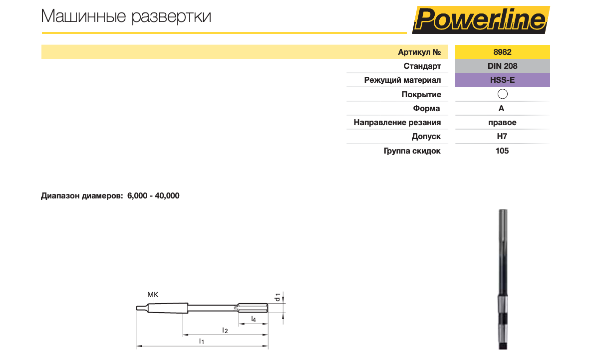 Развертка машинная цельная с коническим хвостовиком (к/х) изготовляется из быстрорежущей стали марки «Р6М5» по ГОСТу 1672-80. Собственно назначением конического хвостовика является закрепление самой развертки на станке, поэтому данный вид разверток используют для машинного развертывания на координатно-расточных, револьверных, сверлильных, токарных и других видах станков. Развертки машинные к/х производятся диаметром от 5,5 до 50мм, с полями допусков G6, Н6, Js6, К6, G7, Н7, Js7, К7, М7, N7, Р7, Е8, U8, F8, Н8, D9, Е9, F9, Н9, Н10, Н11 и припуском под доводку — N 1, 2, 3, 4, 5, 6.
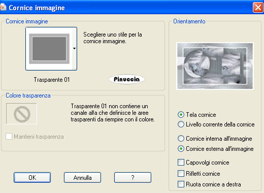 Immagine>Cornice-immagine - seleziona Transparent01, con i seguenti settaggi:
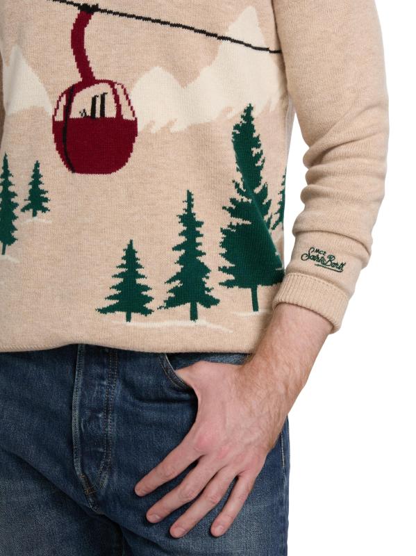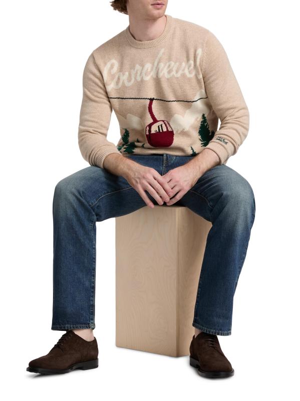 Crafted of a wool blend, the Heron crewneck sweater from MC2 Saint Barth showcases an alpine Courchevel-inspired gondola jacquard design. Ribbed trim lends added shape and comfort to this style.

☆ ☆ ☆

INSTRUCTIONS FOR THE TASK ::
A verbatim copy of the listing is required, with all pictures left out.

EXPECTED OUTPUT ::
 Развертка машинная цельная с коническим хвостовиком (к/х) изготовляется из быстрорежущей стали марки «Р6М5» по ГОСТу 1672-80. Собственно назначением конического хвостовика является закрепление самой развертки на станке, поэтому данный вид разверток используют для машинного развертывания на координатно-расточных, револьверных, сверлильных, токарных и других видах станков. Развертки машинные к/х производятся диаметром от 5,5 до 50мм, с полями допусков G6, Н6, Js6, К6, G7, Н7, Js7, К7, М7, N7, Р7, Е8, U8, F8, Н8, D9, Е9, F9, Н9, Н10, Н11 и припуском под доводку — N 1, 2, 3, 4, 5, 6.
 Immagine>Cornice-immagine - seleziona Transparent01, con i seguenti settaggi:
 Crafted of a wool blend, the Heron crewneck sweater from MC2 Saint Barth showcases an alpine Courchevel-inspired gondola jacquard design. Ribbed trim lends added shape and comfort to this style.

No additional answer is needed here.